The Yukon government has tabled amendments to mining legislation that will change how exploration takes place in some parts of the territory.
When the government announced a consultation on the changes in June, it proposed that all prospectors would have to notify the government before conducting Class 1 exploration activities on a mineral claim.
Currently, anyone holding a mining claim can complete Class 1 activities without notifying the government or affected First Nations. That level of work includes clearing trees, building trails, digging up rock and even the use of explosives.
But the amendments tabled this week suggest that notification and consultation will only be required in certain designated areas, and not across the Yukon.
Those areas have yet to be identified.
The government is currently consulting with First Nations and industry on what the regulations associated with this act will be, said Scott Kent, minister for energy, mines and resources, in an interview yesterday.
The changes come from a Yukon Court of Appeal decision that found that the Yukon government had infringed on the aboriginal rights of the Ross River Dena Council by allowing staking and Class 1 exploration in the First Nation’s traditional territory without notification or accommodation.
The government accepted that First Nation consultation might be required for some Class 1 exploration activities, but appealed the part of the ruling dealing with notification before claims are staked.
The Supreme Court of Canada denied the appeal in September.
Kent said that the government will deal with that section of the ruling by consulting with the Ross River Dena Council on what areas of its traditional territory might be withdrawn from staking on an interim basis.

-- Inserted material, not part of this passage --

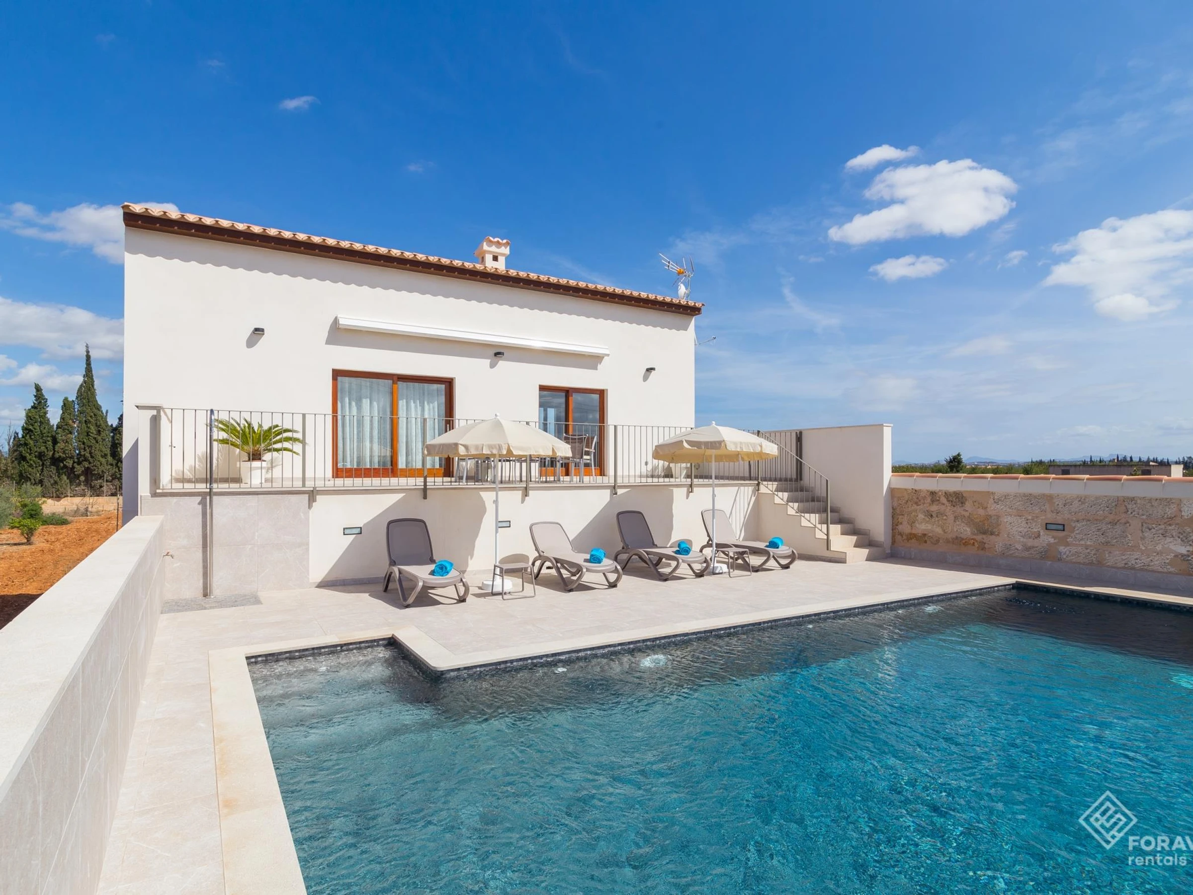 Dieses fantastische Haus befindet sich am Stadtrand von Inca in einer sehr ruhigen ländlichen Gegend. Das Haus, neu und modern, ist sehr breit und hell und ist perfekt ausgestattet. Kurz gesagt, es hat alles, was Sie brauchen, um einen wunderschönen Urlaub auf der Insel zu verbringen. Was das Äußere betrifft, verfügt diese prächtige Villa über eine möblierte Terrasse und einen perfekten Pool, um sich abzukühlen und das wundervolle Wetter der Insel zu genießen.

Those discussions are currently underway, he said.
While the government is prepared to look at restricting staking in some areas where it might affect aboriginal rights and title, it is not considering a change to the free-entry mining claim regime, said Kent.
“The court decision didn’t question the free-entry system, and the Yukon government isn’t questioning it either.”
The rulings of the court decision were specific to the traditional territory of the Ross River Dena Council. However, the findings are likely applicable more broadly, in particular to other First Nations that have not signed land claims agreements.
However, the priority for now is to get the appropriate rules in place for Ross River territory, said Kent.
“Given the timelines, I think all Yukoners can respect that we’re under a bit of a time crunch to address it in that area, and then once that is complete then we will consider options for the other areas in the Yukon.”
The Yukon government must comply with the rulings of the appeals court by December 27.
When the changes were announced in June, representatives from the mining industry warned that changing the Class 1 exploration regime could shut down exploration investment in the territory.
Michael Kokiw, executive director of the Yukon Chamber of Mines, said this week that the group needs time to review the legislation and figure out how it will affect the industry.
“We were not privy, of course, to the amendments. They were kept secret by the cabinet. And now, after reviewing this morning, we have found them to be much more extensive than we originally thought, and we believe it may take us a little longer to do a review.”
The chamber will meet in the coming days to discuss the legislation, said Kokiw.
The Ross River Dena Council and its lawyers could not be reached by press time.